Problem to work on: The entries are to be written out word for word, with their images left out.

□ □ □ □ □ □ □

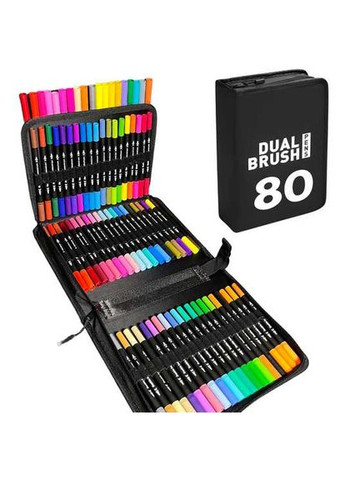 Цей набір акварельних маркерів Dual Brush 80 шт являє собою ідеальне поєднання універсальності та якості для художників усіх рівнів. Кожен маркер має двосторонній наконечник: з одного боку - тонкий пензлик для детальної роботи та тонких ліній, з іншого - широкий наконечник для швидкої та рівномірної заливки великих ділянок. Ця унікальна особливість робить їх ідеальними інструментами для створення творів мистецтва з різноманітними текстурами та деталями. Фарби на водній основі можна змішувати і легко змивати з більшості тканин. Таким чином, ви отримуєте як кольорові маркери, так і кольорові тонкі ручки, які чудово підходять як для дітей, так і для дорослих.
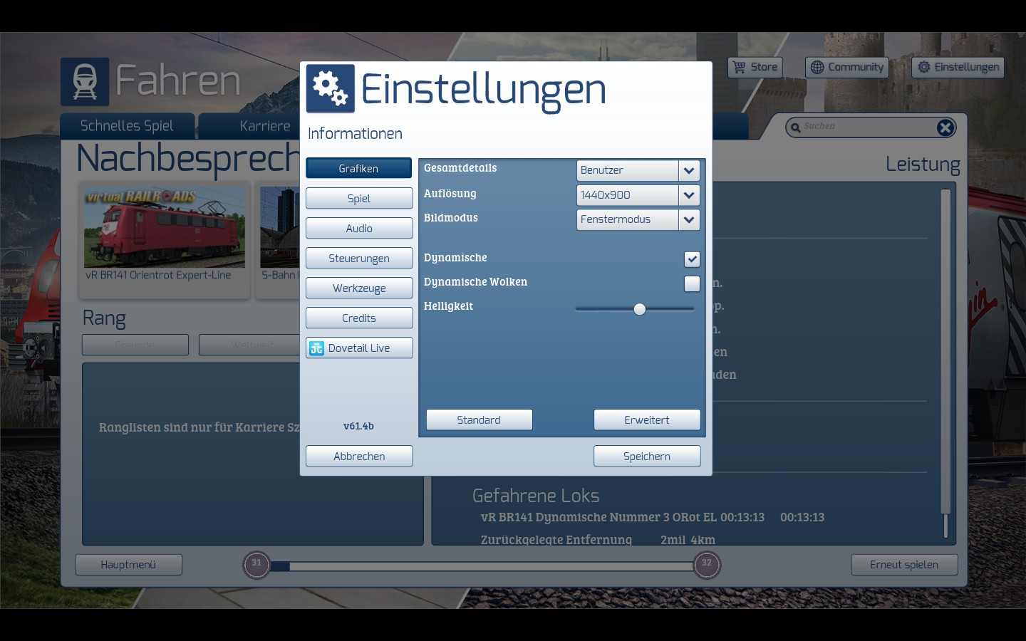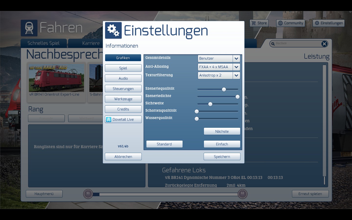 ... weswegen ja der TS erst so spät hoch kam. Mein Windows 10 bekomme ich auf 1,2GB RAM Verbrauch runter geschraubt. Grafik ist eher das Manko, wenn man keine neuere Grafikkarte hat, in meinen Augen. Ich fahre auch in Konstanz Villingen im TS...Ich habe das Spiel auch nur auf 1400x900, weil ich am Szenario bauen bin, im normalen Fahrmodus fahre ich nciht im Fenster und mit maximaler Auflösung meines Monitors 1920x1080 ...
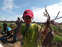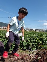 とても長い間格闘して、無事お芋が出てきました。 | 立派な立派なお芋です。 | 自分で掘ったお芋の中から、二つお土産にして、残りは、次の活動で焼き芋にすることにしました。楽しみ楽しみ! |
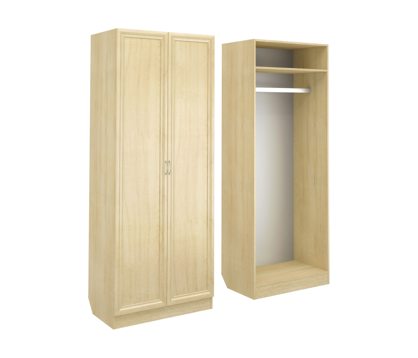 Корпус шкафа ШК-2 выполнен из Ламинированной ДСП высокого качества с насыщенным цветом. Фасады выполнены из материала МДФ.Шириною 80 см., это классический шкаф для верхней одежды, несет в себе следующие элементы. За распашными дверьми большая штанга, над ней ниша.
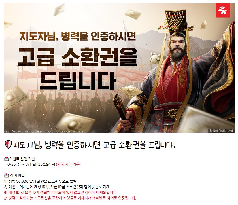 병력 3만 달성 스샷 찍어서 인증하면 되고 이거 고급 소환권 준다니까
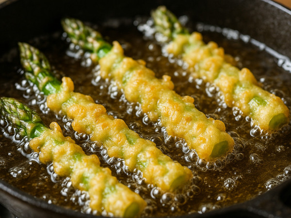 Heat about an inch or two of oil in a deep pan over medium-high heat. While the oil warms up, mix the tempura batter with water until it’s nice and loose. Trim off the tough ends of the asparagus, then dip each spear into the batter, making sure they’re fully coated. Carefully lower a handful of asparagus into the hot oil—about five or six at a time—and fry them until they float to the surface, which should take around 30 seconds to a minute. Once they’re golden and crispy, transfer them to paper towels to drain any excess oil. Sprinkle with a bit of sea salt while they’re still warm, then repeat with the rest. Enjoy them fresh and crispy!
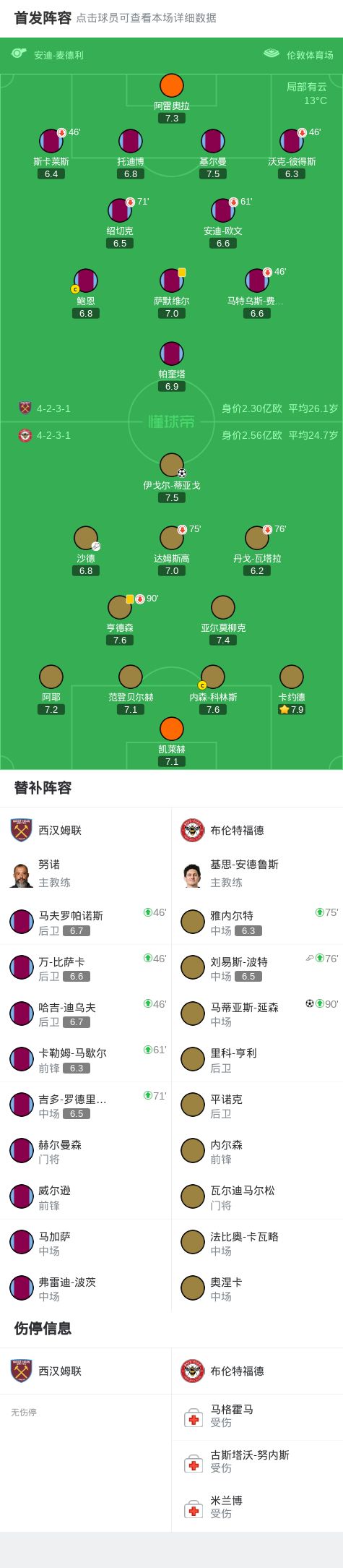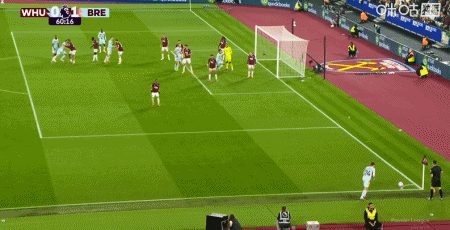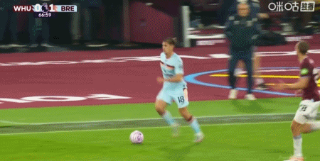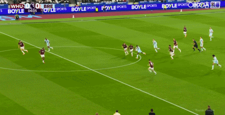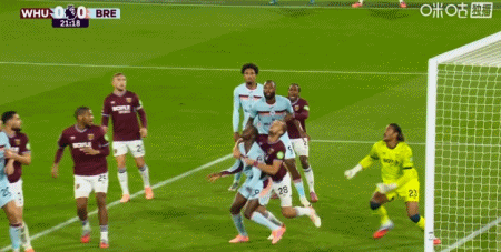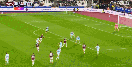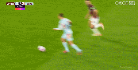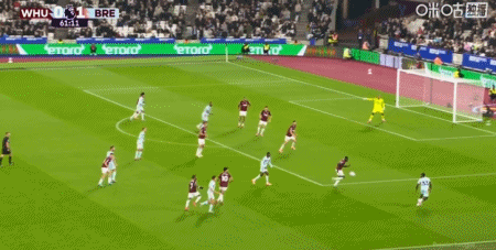 第43分钟,沙德助攻,蒂亚戈射门得分,布伦特福德1-0西汉姆联
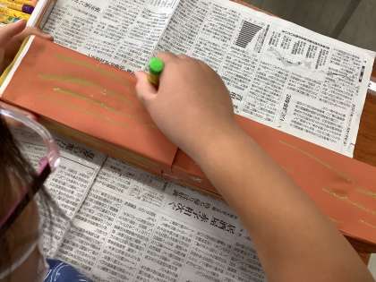 次に牛乳パックの側面に木の部分になる画用紙を貼りました。
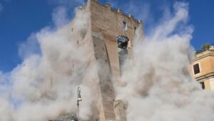 È crollata una torre medievale nel cuore di Roma: la Torre dei Conti, da restaurare con fondi PNRR per quasi sette milioni di euro. Il tetto è venuto giù in più fasi, uccidendo un operaio, Octay Stroici, e ferendone altri. Doveva essere un cantiere simbolo; è diventato l’ennesimo monumento a un dolorosissimo omicidio sul lavoro, alla decadenza.
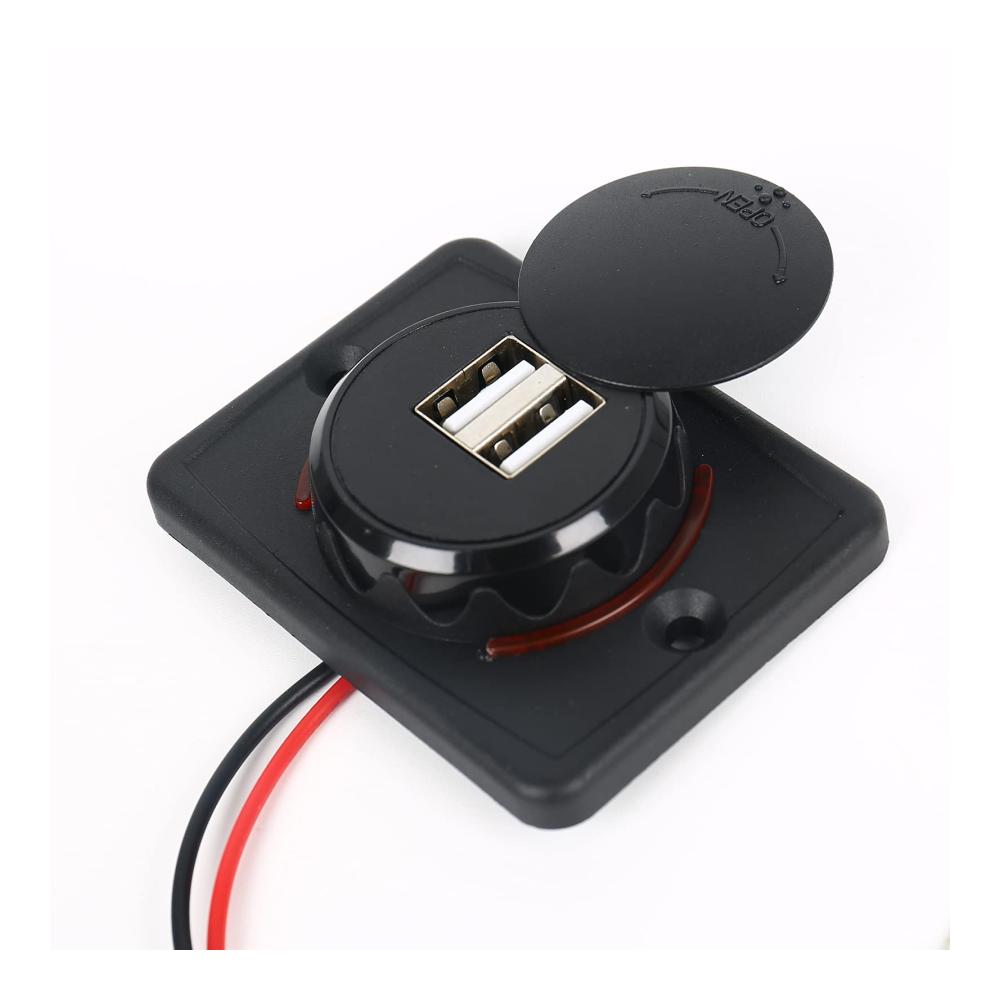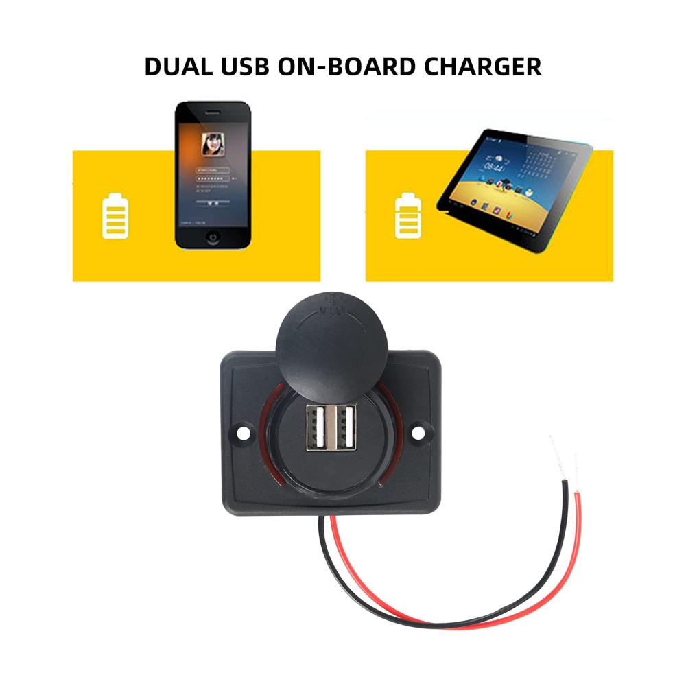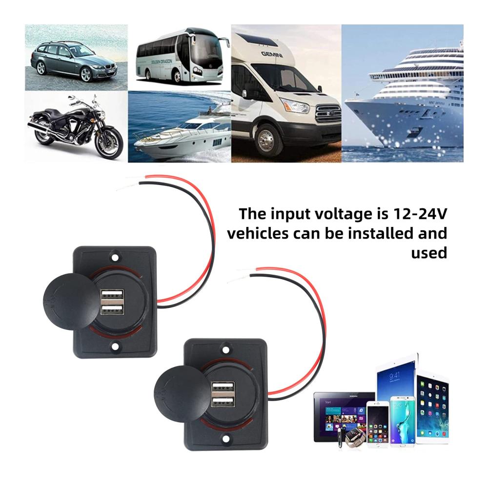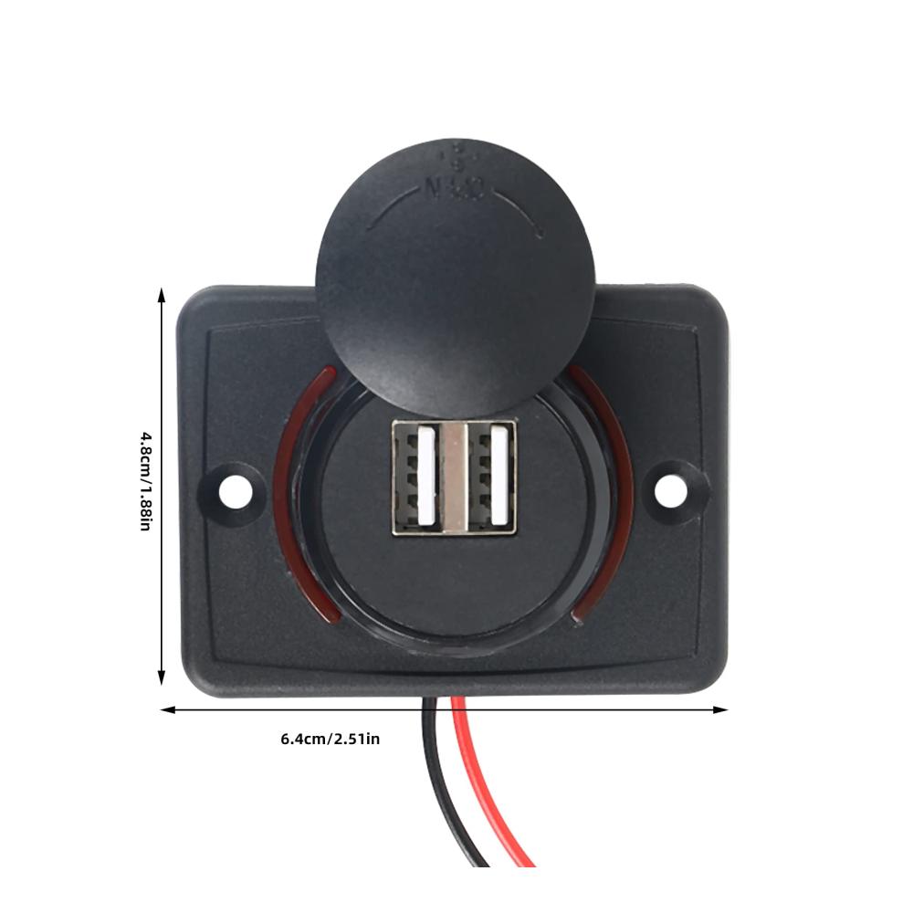 Erhalten Sie eine zuverlässige Ladestromquelle für unterwegs mit diesem hochwertigen Kfz-Ladegerät. Hergestellt aus glasfaserverstärktem Nylon für Stärke und Langlebigkeit. Die wasserdichte Abdeckung schützt vor Staub und Feuchtigkeit, während intelligente Ladetechnologie eine schnelle Aufladung gewährleistet. Ein integrierter Chip verhindert Schäden an Ihren Geräten, und die einfache Installation macht es zum idealen Begleiter für unterwegs. Mit zwei USB-Anschlüssen ist es perfekt für Fahrzeuge, Boote und mehr geeignet.

□ □ □ □ □ □ □

Problem solution:
 Цей набір акварельних маркерів Dual Brush 80 шт являє собою ідеальне поєднання універсальності та якості для художників усіх рівнів. Кожен маркер має двосторонній наконечник: з одного боку - тонкий пензлик для детальної роботи та тонких ліній, з іншого - широкий наконечник для швидкої та рівномірної заливки великих ділянок. Ця унікальна особливість робить їх ідеальними інструментами для створення творів мистецтва з різноманітними текстурами та деталями. Фарби на водній основі можна змішувати і легко змивати з більшості тканин. Таким чином, ви отримуєте як кольорові маркери, так і кольорові тонкі ручки, які чудово підходять як для дітей, так і для дорослих.
 ... weswegen ja der TS erst so spät hoch kam. Mein Windows 10 bekomme ich auf 1,2GB RAM Verbrauch runter geschraubt. Grafik ist eher das Manko, wenn man keine neuere Grafikkarte hat, in meinen Augen. Ich fahre auch in Konstanz Villingen im TS...Ich habe das Spiel auch nur auf 1400x900, weil ich am Szenario bauen bin, im normalen Fahrmodus fahre ich nciht im Fenster und mit maximaler Auflösung meines Monitors 1920x1080 ...
 とても長い間格闘して、無事お芋が出てきました。 | 立派な立派なお芋です。 | 自分で掘ったお芋の中から、二つお土産にして、残りは、次の活動で焼き芋にすることにしました。楽しみ楽しみ! |
 Корпус шкафа ШК-2 выполнен из Ламинированной ДСП высокого качества с насыщенным цветом. Фасады выполнены из материала МДФ.Шириною 80 см., это классический шкаф для верхней одежды, несет в себе следующие элементы. За распашными дверьми большая штанга, над ней ниша.
 병력 3만 달성 스샷 찍어서 인증하면 되고 이거 고급 소환권 준다니까
 Heat about an inch or two of oil in a deep pan over medium-high heat. While the oil warms up, mix the tempura batter with water until it’s nice and loose. Trim off the tough ends of the asparagus, then dip each spear into the batter, making sure they’re fully coated. Carefully lower a handful of asparagus into the hot oil—about five or six at a time—and fry them until they float to the surface, which should take around 30 seconds to a minute. Once they’re golden and crispy, transfer them to paper towels to drain any excess oil. Sprinkle with a bit of sea salt while they’re still warm, then repeat with the rest. Enjoy them fresh and crispy!
 第43分钟,沙德助攻,蒂亚戈射门得分,布伦特福德1-0西汉姆联
 次に牛乳パックの側面に木の部分になる画用紙を貼りました。
 È crollata una torre medievale nel cuore di Roma: la Torre dei Conti, da restaurare con fondi PNRR per quasi sette milioni di euro. Il tetto è venuto giù in più fasi, uccidendo un operaio, Octay Stroici, e ferendone altri. Doveva essere un cantiere simbolo; è diventato l’ennesimo monumento a un dolorosissimo omicidio sul lavoro, alla decadenza.
 Erhalten Sie eine zuverlässige Ladestromquelle für unterwegs mit diesem hochwertigen Kfz-Ladegerät. Hergestellt aus glasfaserverstärktem Nylon für Stärke und Langlebigkeit. Die wasserdichte Abdeckung schützt vor Staub und Feuchtigkeit, während intelligente Ladetechnologie eine schnelle Aufladung gewährleistet. Ein integrierter Chip verhindert Schäden an Ihren Geräten, und die einfache Installation macht es zum idealen Begleiter für unterwegs. Mit zwei USB-Anschlüssen ist es perfekt für Fahrzeuge, Boote und mehr geeignet.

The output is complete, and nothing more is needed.